### Problem statement
Drop every picture. Then return, exactly, the lines from the beginning of the listing below through the one containing "Steeda's S550 &".

### Given material
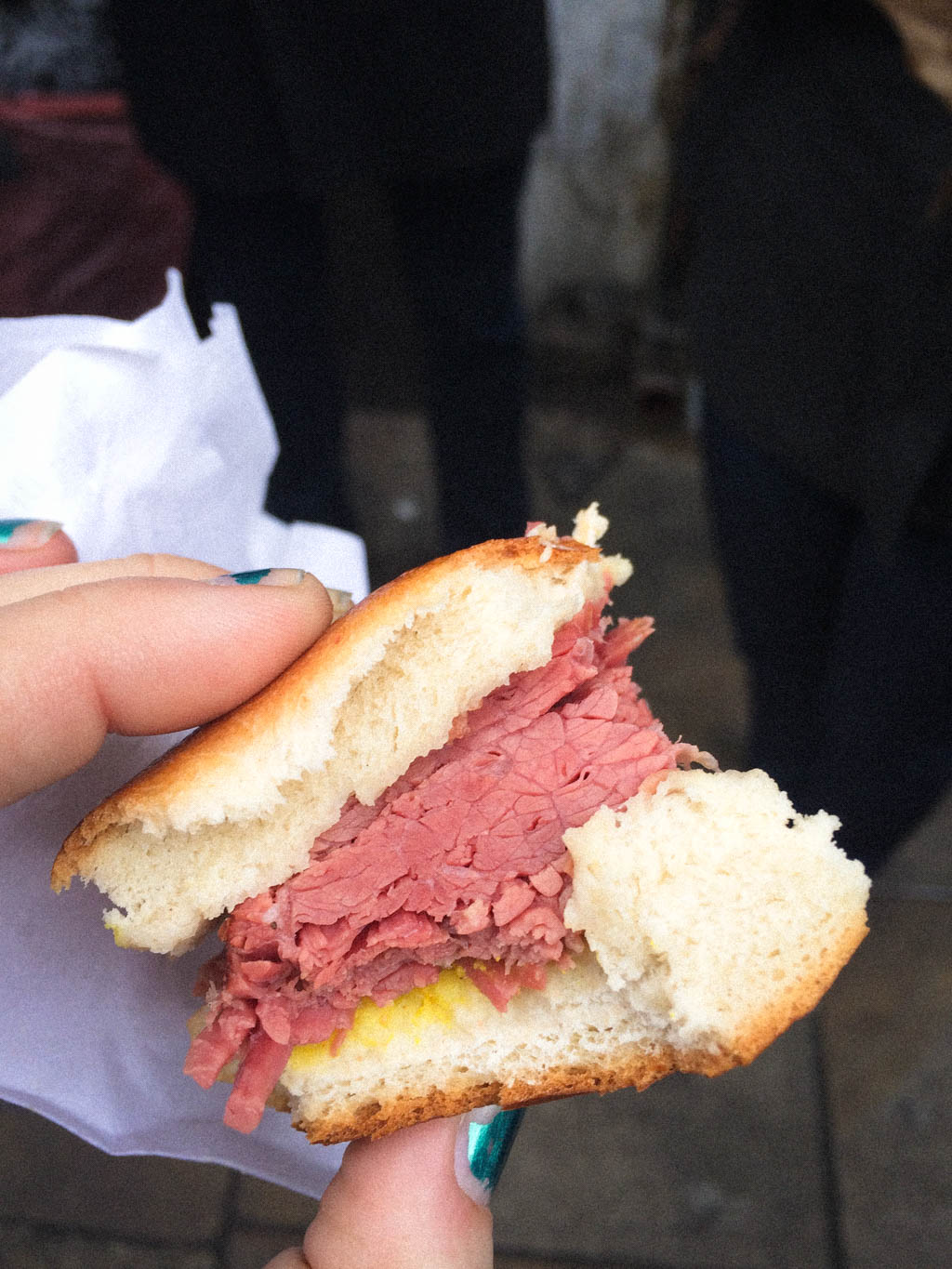 There was quite a line outside Beigel Bake, and from my first bite of this salt beef sandwich I could see why. The fatty, melt-in-your mouth meat paired with the yeasty bagel and dab of sharp yellow mustard made for a perfect fatty-acidic taste combination.
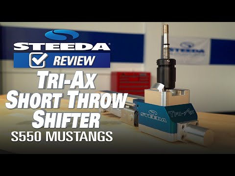 Steeda's S550 & S650 Mustang MT-82 Tri-Ax Race Short Throw Shifter is manufactured from high-quality aircraft-grade aluminium making it 20% lighter than the competitions' shifter assemblies. The shift lever itself on our Tri-Ax is made from heat-treated and nickel-plated 4140 steel, making it the strongest part out on the market. All hardware is stainless steel for the highest corrosion-resistance possible. Included in our kit is hardware to tighten up the factory shift knob perfectly into a locking position. These parts have been put to the test on the street and the track and are proven not to bind under extreme conditions or temperatures.
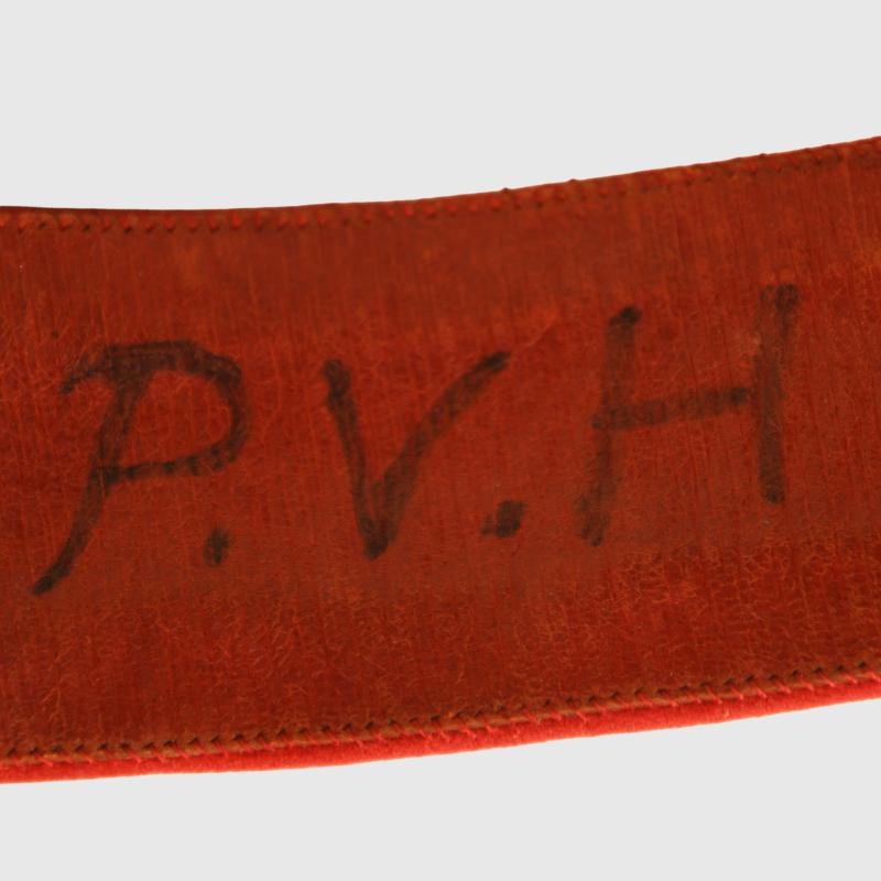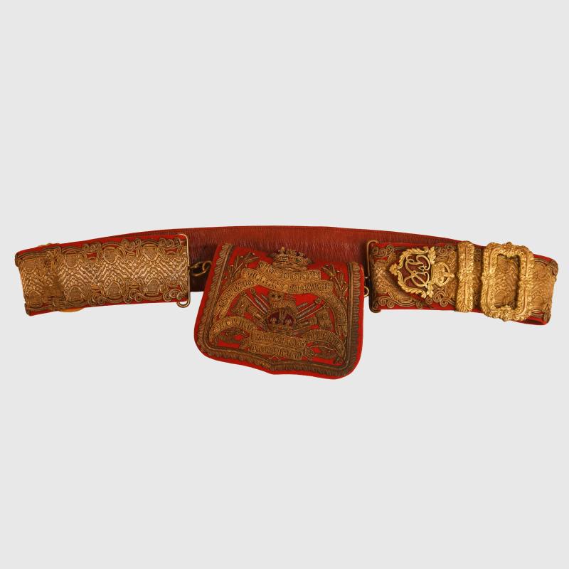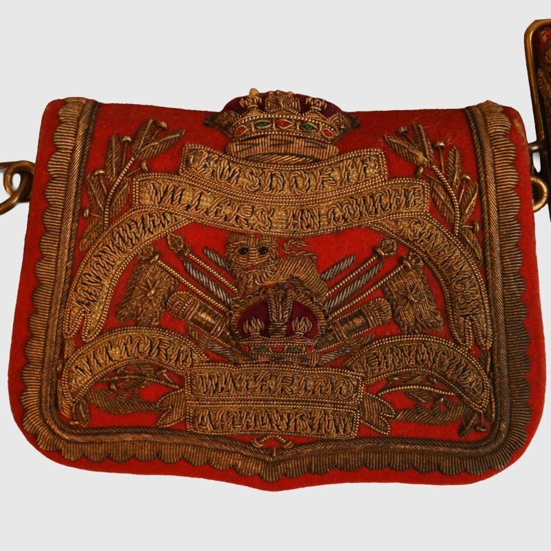 A near mint condition pouch and belt, the pouch itself is completely free of moth, red base cloth with the highest quality hand embroidery available at the turn of the 19th to 20th century. This is a Kings Crown pouch with its matching Kings Crown belt. All of the Battle Honours of the Regiment up until the turn of the century on the pouch. The gold bullion wire is virtually mint bright, with its two attachment clips. The cross belt has good bright lace with all of the gilt to the metallic fittings good and bright. One of the brass studs that secures the belt to the pouch is complete with the pouch but has come adrift from its fixing point. The owner’s initials of ‘P V H’ are applied internally to the red leather of the cross belt. The Regiment first raised as the Regiment of Light Dragoons in 1759 known as the 15th Regiment of (Light) Dragoons with subsequent service right up until after the First World War the Regiment was retitled 15th King’s Hussars and was amalgamated with the 19th Royal Hussars in 1922. The Regiment paid an notorious role in the notorious Peterloo massacre in August 1819 when within the bounds of the United Kingdom a 60,000 strong crowd calling for democratic reform charged the Yeomanry, the Hussars were ordered to charge resulting in 15 fatalities as many as 600 were injured.

### Written solution
 There was quite a line outside Beigel Bake, and from my first bite of this salt beef sandwich I could see why. The fatty, melt-in-your mouth meat paired with the yeasty bagel and dab of sharp yellow mustard made for a perfect fatty-acidic taste combination.
 Steeda's S550 & S650 Mustang MT-82 Tri-Ax Race Short Throw Shifter is manufactured from high-quality aircraft-grade aluminium making it 20% lighter than the competitions' shifter assemblies. The shift lever itself on our Tri-Ax is made from heat-treated and nickel-plated 4140 steel, making it the strongest part out on the market. All hardware is stainless steel for the highest corrosion-resistance possible. Included in our kit is hardware to tighten up the factory shift knob perfectly into a locking position. These parts have been put to the test on the street and the track and are proven not to bind under extreme conditions or temperatures.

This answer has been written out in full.